Personal experiences are a writer’s meat and potatoes. They breathe Life into our manuscripts and nail the reader to the scene. Sometimes the weirder the event the better, and Heaven knows, I’ve found myself in some peculiar circumstances.
Or, as my daughter says, shaking her head, “These things only happen to you, Mom.”
Consider these two gems from my very odd world:
The flocking on my small Christmas tree had turned dingy blah. I wanted to remove the material that once looked like snow but keep the tree. So, I did what anyone else would do; took it outside and started beating it on the sidewalk to dislodge the gross fibers. Enter stage left, the mailman who is staring at me, his mouth open wide enough to drive a truck through.

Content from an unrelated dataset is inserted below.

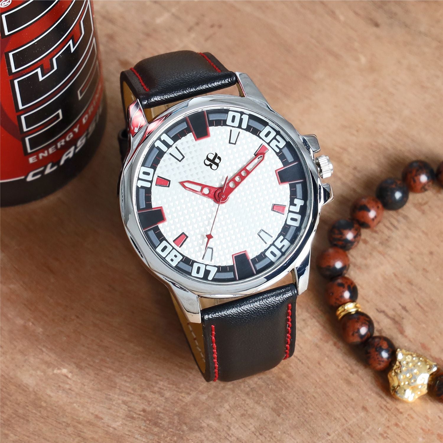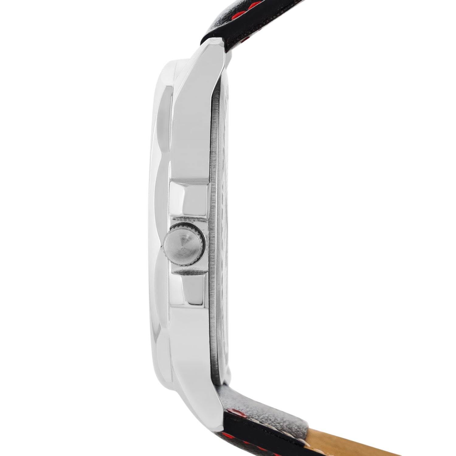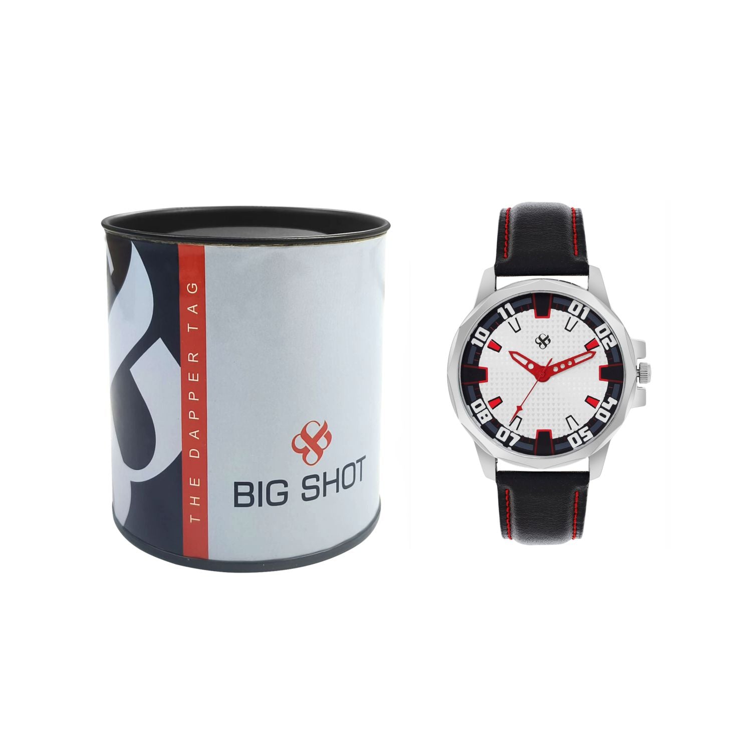 The Big Shot men’s watch combines timeless elegance with everyday utility. It features a refined cream dial adorned with bold Roman numerals, housed in a polished silver-tone case. The classic black leather strap ensures comfort and sophistication, making it an ideal accessory for formal occasions as well as daily wear.

Question: Do you explain why you are beating up on an innocent tree or pretend you saw a spider?
An old doll cradle I was refinishing had lost several inch-size wooden balls on the headboard. Since I wanted to replace them, I went to the local lumberyard, walked up to the male clerk, and asked, “Do you have balls about this size?” making a circle with my thumb and finger.
He looked at me. I stared back. Without speaking, I turned and left the store.
Only you, Mom.
How to know you’re a writer?
- When the hubby smashes his finger with a ten-pound hammer and you wonder how to use the screaming in a scene.
- Human behavior in a mall is prime fodder for your wip.
- People are suspicious when you stare at them in a mall.
Remember, a highly observant nature is essential to creativity. At least until your staring turns creepy, someone calls the cops, and the restraining order takes effect.
I leave you with a joke only a writer can appreciate:
A writer and her husband walked into a dentist's office.
"Doc,” the lady said. “I'm in one heck of a hurry. The storyline for my novel exploded in my head this morning, the characters and battle scene came together, and my mind is buzzing with the protag’s newest conflicts. While the muse lives, I must write. So, forget about the anesthetic, I don't have time for the gums to get numb. I just want you to pull the tooth, and be done with it so I can return to my keyboard.”
My goodness, the dentist thought. What a very brave woman she is. Above all else, writing must be her life.
"Which tooth is it ma’am?" the dentist asks.
The writer turned to her husband. "Open your mouth, Honey, and show him."